Ascending matrix

Question

The "ascending matrix" is an infinite matrix of whole numbers (0 included) in which any element is the smallest available element which has not been previously used on the respective row and column:

  | 1 2 3 4 5 6 ...
--+----------------
1 | 0 1 2 3 4 5 ...
2 | 1 0 3 2 5 4 ...
3 | 2 3 0 1 6 7 ...
4 | 3 2 1 0 7 6 ...
5 | 4 5 6 7 0 1 ...
6 | 5 4 7 6 1 0 ...
. | ...............

Your task is to write a program that will output the element found at the row and column specified by the input. (standard input and output)

Test cases:

5 3 -> 6
2 5 -> 5

Code Golf rules apply—the shortest code wins.

P.S. Even if this has an algorithmic nature the code can be very, very concise.

EDIT: I wasn't expecting to see the xor solution so early. I was really hoping to see 10 posts with an algorithmic approach and THEN the xor solution. Now, having in mind that it's not much fun to see how to write xor in different languages I recommend that you also try an algorithmic approach.
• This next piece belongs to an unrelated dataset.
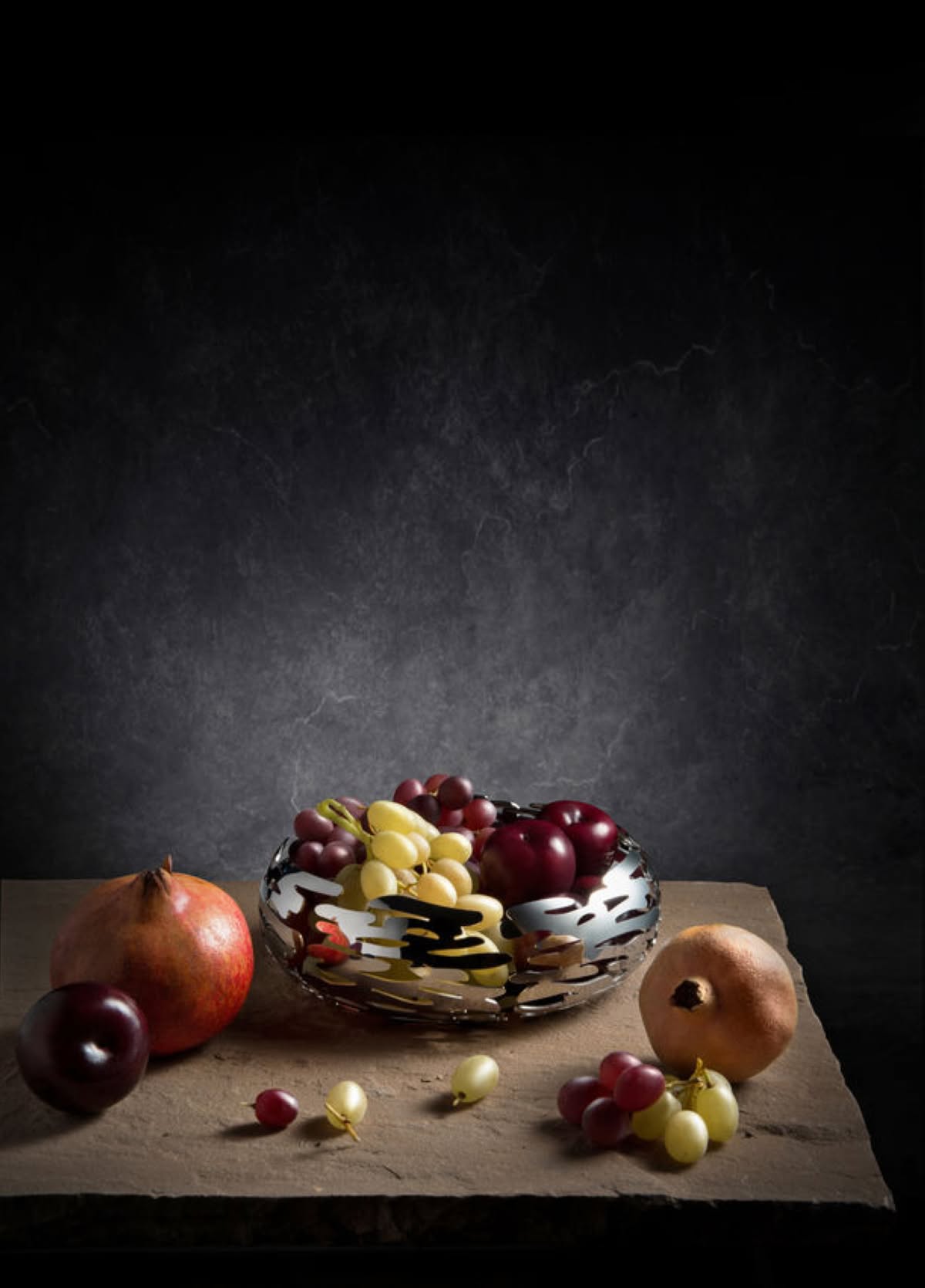 Alessi BM02 Barknest Cestino rotondo in acciaio Inox è il centrotavola di design per la tavola in acciaio inossidabile 18/10. Il cestino Barknest richiama nella forma e nel nome un accogliente nido, le cui pareti arrotondate ne custodiscono il contenuto. Un oggetto dal design espressivo, capace di valorizzare l’ambiente in cui è inserito. Realizzato nello stabilimento dell’azienda a Crusinallo di Omegna, il cestino rotondo della serie “Bark” mostra, come gli altri oggetti di questa famiglia, l’abilità di Alessi nella lavorazione dell’acciaio. Attraverso successivi passaggi di lavorazione, la lastra di metallo viene tagliata e traforata a laser e quindi sagomata in modo da ottenere la forma organica e sinuosa disegnata dagli autori. Un virtuosismo produttivo che permette di creare con l’acciaio un oggetto in cui è impressa una memoria organica e naturale. Le dimensioni contenute rendono “Barknest” perfetto per essere utilizzato in maniera versatile: in cucina, a tavola o sulla scrivania. Un oggetto dal design espressivo, capace di valorizzare l’ambiente in cui è inserito. Un contenitore per custodire ciò che è prezioso.

So, yes, I think no one can beat the 5 character mark now—therefore I congratulate Ilmari Karonen for the smartest and shortest solution. But there's a new challenge up ahead: write the shortest algorithmic solution.

Answer 1

GolfScript, 5 chars

~(\(^

Indeed, this task is very simple once you recognize the pattern. The only awkward bit is the 1-based indexing — if the input indices were zero-based, this 2-character solution would suffice:

~^

To explain this to readers unfamiliar with GolfScript, the ~ command evals the input, leaving the two numbers on the stack. ^ then XORs the two topmost numbers on the stack together, leaving the result for output. To deal with 1-based input, two more commands are needed: ( decrements the topmost number on the stack by one, while \ swaps the top two items on the stack.

Answer 2

Mathematica 10 44

Edit

My first response was based on a misunderstanding about the nature of the challenge, as noted by Ilmari. Here's another try.

Usage

f[n___, 1, n___] := n - 1;
j_~f~k_ := BitXor[j - 1, k - 1]

Answer 3

K, 31

{0b/:{(x|y)&~x~y}. 0b\:'-1+x,y}

Stole Ilmari Karonen's XOR logic, which I would never have spotted myself.

Answer 4

PHP, 38

Just a simple implementation of Ilmari Karonen's XOR

<?php echo --$_GET['a']^--$_GET['b']?>

Usage:

.../xor.php?a=4&b=7

will print 6

Answer 5

Python 2, 36

I figure since I'm just starting to learn Python that this would be the perfect time to submit my first answer using it (and no one has answered using Python) and perhaps I could receive some feedback.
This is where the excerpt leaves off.